The wealthier you are in B.C., the lower the comparative burden when compared to other provinces

INTEGRITYBC Dermod TravisBY DERMOD TRAVIS

Executive Director

IntegrityBC

 

 

GOVERNMENT policies are normally designed to help citizens as they try to move up the economic ladder, not penalize them for trying. And on that one count alone, this week’s budget from Finance minister Mike de Jong is an abject failure.

In its budget highlights, the B.C. government presented four scenarios to bolster its case that “British Columbians continue to have one of the lowest overall tax burdens in Canada.”

But buried deep in another budget document – on page 106 of the three year fiscal plan – are two other scenarios and, strangely, B.C. doesn’t fare quite as well when they’re pulled out for comparison purposes.

Accepting the government’s numbers entirely at face value, a single individual earning $80,000 in B.C. would have the lowest tax burden in Canada. Yet, a single individual earning $25,000 has the third lowest burden in Canada. A two-income family of four earning $90,000 has the second lowest burden, but a two-income family of four earning $30,000 has the fourth lowest.

Notice a pattern? Such as the wealthier you are in B.C., the lower the comparative burden when compared to other provinces.

Undoubtedly it’s a coincidence, but surely no government would ever stoop so low as to design fiscal scenarios that were the most favourable for their political spin, such as setting income levels marginally below where the full impact of MSP premiums might kick in, which would likely throw some of those favourable inter-provincial comparisons out the window.

It’s why what other provinces have to say about inter-provincial tax burdens is so fascinating.

According to the Saskatchewan government’s inter-city comparison, a family living in Vancouver, earning $50,000 annually in 2014, had the highest tax burden of the ten cities included in their analysis (including property tax). A family earning $75,000 was a little better off, fifth highest.

Numbers compiled by the Manitoba government don’t back up B.C. either. A single parent with one child, earning $30,000, would have a lower tax burden in seven other provinces than they do in B.C. A two-income household of four, earning $60,000, would have a lower tax burden in Newfoundland and Labrador, Ontario, Manitoba, Saskatchewan and Alberta.

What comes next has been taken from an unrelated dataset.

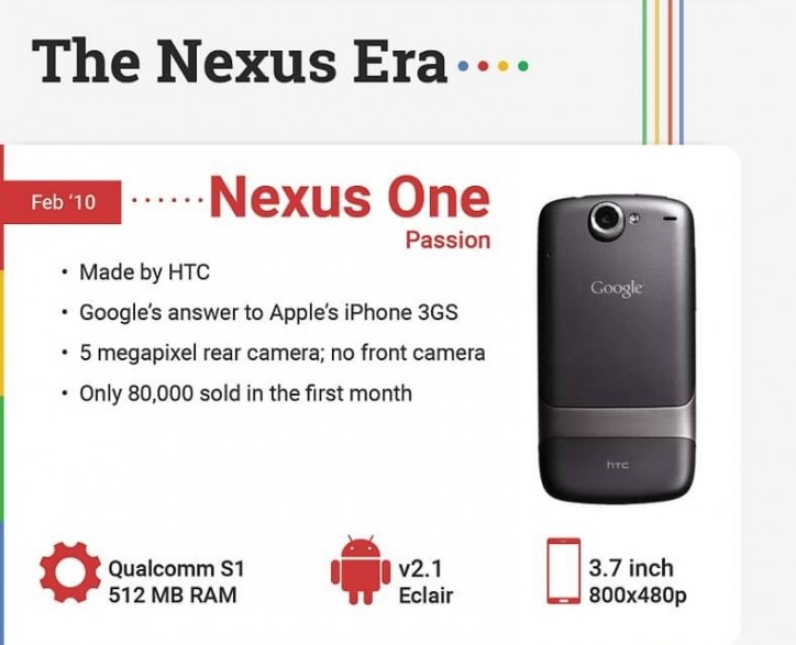 Почти через полтора года началась эра Nexus. Первый смартфон линейки назывался Nexus One и также производился на заводах HTC. Он стал своеобразным ответом Google на iPhone 3GS. Девайсу досталась камера на 5 Мп, процессор Qualcomm S1 и 512 Мб оперативки. Диагональ экрана составила 3.7”, а разрешение – 800 х 480 пикселей.

But what’s really killing off the economic hopes of most British Columbians is the incessant nickel-and-diming by a government that lacks the political will to set personal income tax rates at a level where the tax burden is shared fairly among all British Columbians.

Whether it’s a B.C. Hydro rate increase, an ICBC premium hike or a rise in MSP premiums, they’re all just another way for the B.C. government to pick the pockets of taxpayers. And since income rarely factors into the equation with regressive taxation, it’s generally those who can least afford the hit that get hurt the most.

According to an analysis by PBI Actuarial Consultants, MSP premiums for a family of three or more have gone up by 33 per cent since 2009, while per capita health care costs increased by 15 per cent.

PBI notes that since “all families with an adjusted net household income over $30,000 pay the same flat MSP rate, the lower the income above $30,000, the higher the impact of the premiums increase will be.”

They calculate that a family of three or more with an income just over the $30,000 limit for premium assistance will have to pay $1,728 per year, or over five per cent of their annual income; while families with a net household income between $50,000 and $99,999, will see the percentage of their family income going to pay premiums progressively fall from 3.5 per cent to 1.7 per cent.

And since premium assistance levels aren’t indexed to the cost of living, every pay raise for someone on premium assistance risks putting them a little further behind the eight ball, as that assistance begins to cut out. The last time that the limit for MSP assistance was changed was in 2010, when it was raised from $28,000.

By 2017-18, the BC government forecasts that MSP premiums will bring in $2.666 billion or $1.06 billion more than they did in 2009-10. The revenue it generates will be $18 million shy of what the government forecasts its royalties will be from natural gas, forestry and mining combined.

It would seem the B.C. government has found its own prosperity fund in MSP premiums.